WTC Final: Barbs will continue, but did India prepare well enough?

The Indian fans may have got unduly optimistic about their chances of pulling off a historic chase on a fifth day wicket, but they could have at least held their heads high with a show of character

The Indian Cricket team players at WTC (photo courtesy @The_Karthik/Twitter)
The Indian Cricket team players at WTC (photo courtesy @The_Karthik/Twitter)

Gautam Bhattacharyya

The angst at India’s spineless batting display against Australia, and a defeat in the second World Test Championship (WTC) final on the trot – is quite overpowering at the moment. From the former greats to social media to man on the street, there has been a no-holds-barred attack on a campaign where very little went right for Rohit Sharma and his men.

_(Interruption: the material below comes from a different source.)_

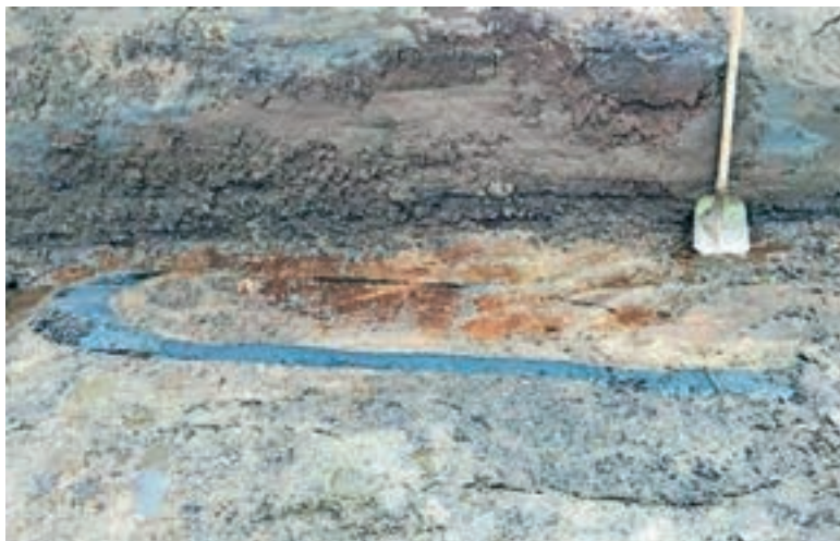
De kano in juni 2024.

Archeologen zijn getraind om hun vondsten meteen in plastic zakjes te doen en te voorzien van een kaartje met gegevens. Toen in juni 2024 de archeologen van het Archeologisch Diensten Centrum (ADC) een boomstamkano vonden van 360 cm lang hebben ze die snel weer toegedekt.

The wrath is largely directed at the top order – Sharma, Cheteshwar Pujara, Virat Kohli and Ajinkya Rahane – for their poor shot selection in the second innings which undid all their good work from the second to the fourth day. Yes, the Indian fans may have got unduly optimistic about their chances of pulling off a historic chase on a fifth day wicket, but they could have at least held their heads high with a greater show of character.

The talk is now revolving around a need for change in the blueprint for Test matches, a muted call for a change in leadership in the longer format while the disillusionment with coach Rahul Dravid is no longer exactly muted now. The question that is begging to be asked of ‘The Wall’ is even with him around for more than one and-a-half years, how come none of his famous resilience and discipline could be transmitted to some of the biggest names in modern cricket?

‘’I’m never going to be happy with the preparations as a coach. But that’s the reality I’m ready to accept, and we all have to accept. The schedules are so cramped and tight. These guys know … if you are playing international cricket, and if you are here three weeks before the tour, playing two side games, you are going to be better prepared,’’ a visibly frustrated Dravid said on Sunday.

Is he leaving a cue there for the powers that-be? We will never know, but it’s a proven fact that the ecosystem in Indian cricket is not ready any longer to pay Test cricket the respect it demands – and paid the price for it again. It does not take a Ricky Ponting to point out that the Indians had not prepared well enough for this winner-takes-all game, while Sharma’s suggestion that the WTC Final should be a best-of-three affair could not be more ill-timed.

There are enough examples in modern cricket of an honesty of purpose when it comes to preparing for the key Test battles overseas. The lure of the IPL can be somewhat irresistible for the international cricketers, but they are the best judge of their bodies and take a call on the need to be physically and mentally fresh for the rigour.

The likes of Steve Smith, Pat Cummins – both of whom had been the IPL regulars –  stayed away from the 2023 auction as it’s an Ashes year while their senior paceman Mitchell Starc had stayed away from the cash-rich league for more than five seasons to prolong his international careers.

They had clearly laid down their priorities but for all the talk of workload management, the Indian stars are not known to take any such hard decisions. Just ponder this – Mohammed Shami, the thirty-something leader of the pace attack in Jasprit Bumrah’s absence, had been crisscrossing the country for two months and was bowling in the emotional cauldron of the IPL final even little over a week back. Shardul Thakur was candid enough to say that he did not have enough match practice in bowling in the IPL while Umesh Yadav – a controversial choice ahead of off spinner Ravi Ashwin – was carrying a niggle throughout the IPL and looked rusty at The Oval.

There could be a counter-point that Cheteshwar Pujara, who spent the last months in County championship, could hardly bring anything to the table and perished in trying to play an uncharacteristic ramp shot during the chase. While it is untenable to shift the IPL window, a money spinner for the world cricket economy, it’s basically the players and the management who need to set their priorities right.

India players are consoling themselves with the fact that they had been consistent enough in both cycles of the WTC so far to make both the Finals, but is that a good enough excuse? It’s a question better left for the fans to answer!